In a deuteron, a proton and a neutron are very weakly bound by the strong nuclear force with an average distance between the particles of about 5fm.
Due to the uncertainty principle, the particles have a minimum momentum and hence a minimum kinetic energy of ...?

Which answer is correct?

Homework Equations

The Attempt at a Solution

ΔpΔx ~ (h-bar)/2
Δp ~ (h-bar)/(2Δx)

Then using:
ΔE = (Δp)^2 / 2m
ΔE = [ {(h-bar) / (2Δx)}^2 / 2m ]
Using values of Δx=5x10^-15, m=1.67x10^-27
ΔE = 3.3 x 10^-14 J

Or should it be:
Δp ~ (h-bar)/(Δx)

Then using:
ΔE = (Δp)^2 / 2m
ΔE = [ {(h-bar) / (Δx)}^2 / 2m ]
Using values of Δx=5x10^-15, m=1.67x10^-27
ΔE = 1.3 x 10^-13 J

 

[bossman27]

I believe it's the former. Where did you get the idea to drop the 2?

 

[ZedCar]

I believe it's the former. Where did you get the idea to drop the 2?

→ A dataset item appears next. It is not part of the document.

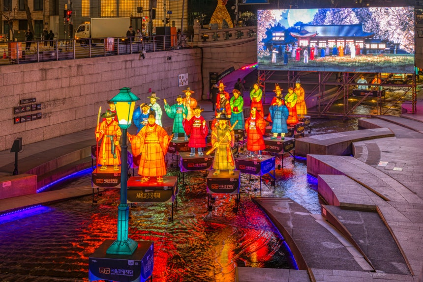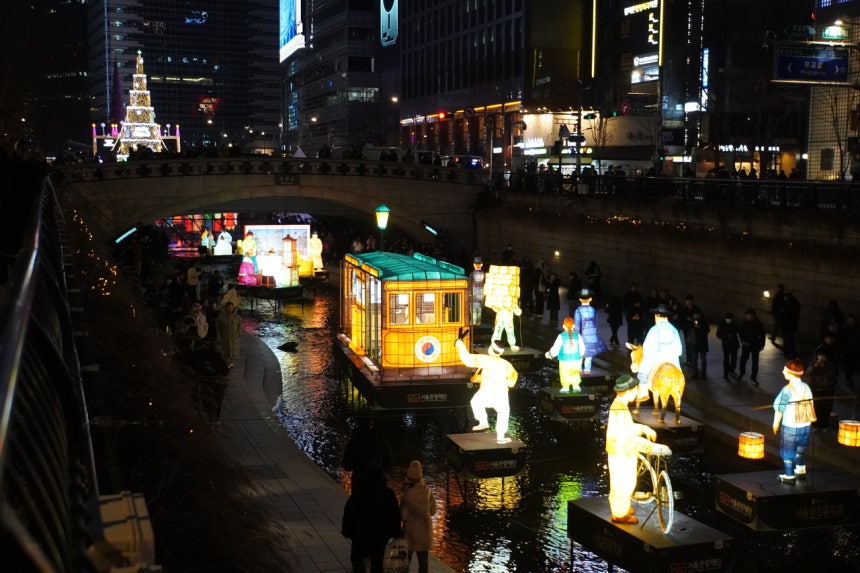 열기구 모양으로 떠오르는 서울의 마래를 형상화한 등불에 이어 케데헌 라면 브랜드의 조형물을 지나면 대만관광청과 체코관광청이 청계2~3가 사이 개천안에 나란히 이들 나라 고유의 상징을 등으로 만들어 세웠다.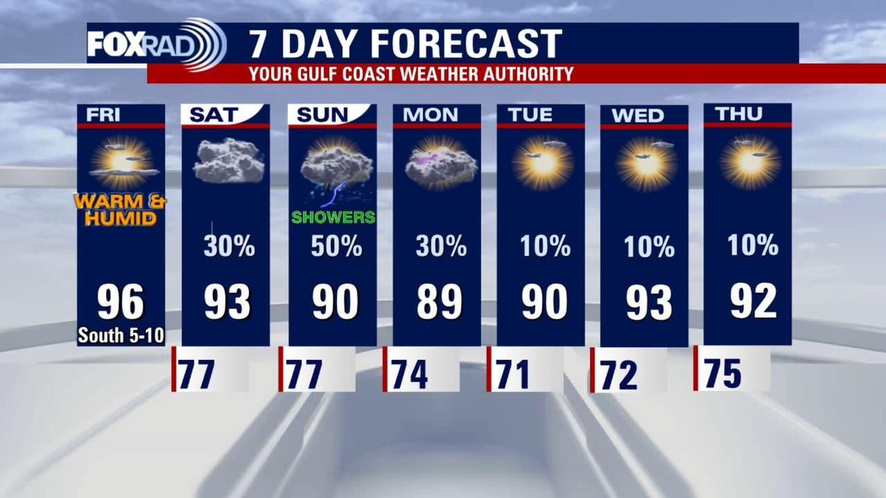 Friday is looking a bit more humid with late summer heat bringing highs in the mid to upper 90s. Overall rain chances remain low, meaning great weather for Friday Night Football.

Because that 2nd version was given to us by the lecturer.

The former attempt is mine.

 

[bossman27]

Because that 2nd version was given to us by the lecturer.

After further reading, $\sigma x \sigma p \geq \frac{\hbar}{2}$ is the modern form, which is most accurate.

$\sigma x \sigma p \geq \hbar$ was Heisenbergs original formula. It is obviously still a true mathematical statement since the minimum uncertainty is greater than in the above formula, but it is not quite as accurate.

I think your professor probably wants the original Heisenberg equation, since he decided to teach it that way. Either way, you can always write a note in next to the problem if you're worried about using the incorrect one.

 

[ZedCar]

Thanks very much bossman. That's appreciated.

$\sigma x \sigma p = \hbar$ was Heisenbergs original formula.

I was unaware of that. I'll look into that now.

At least now I know where the "problem" lies.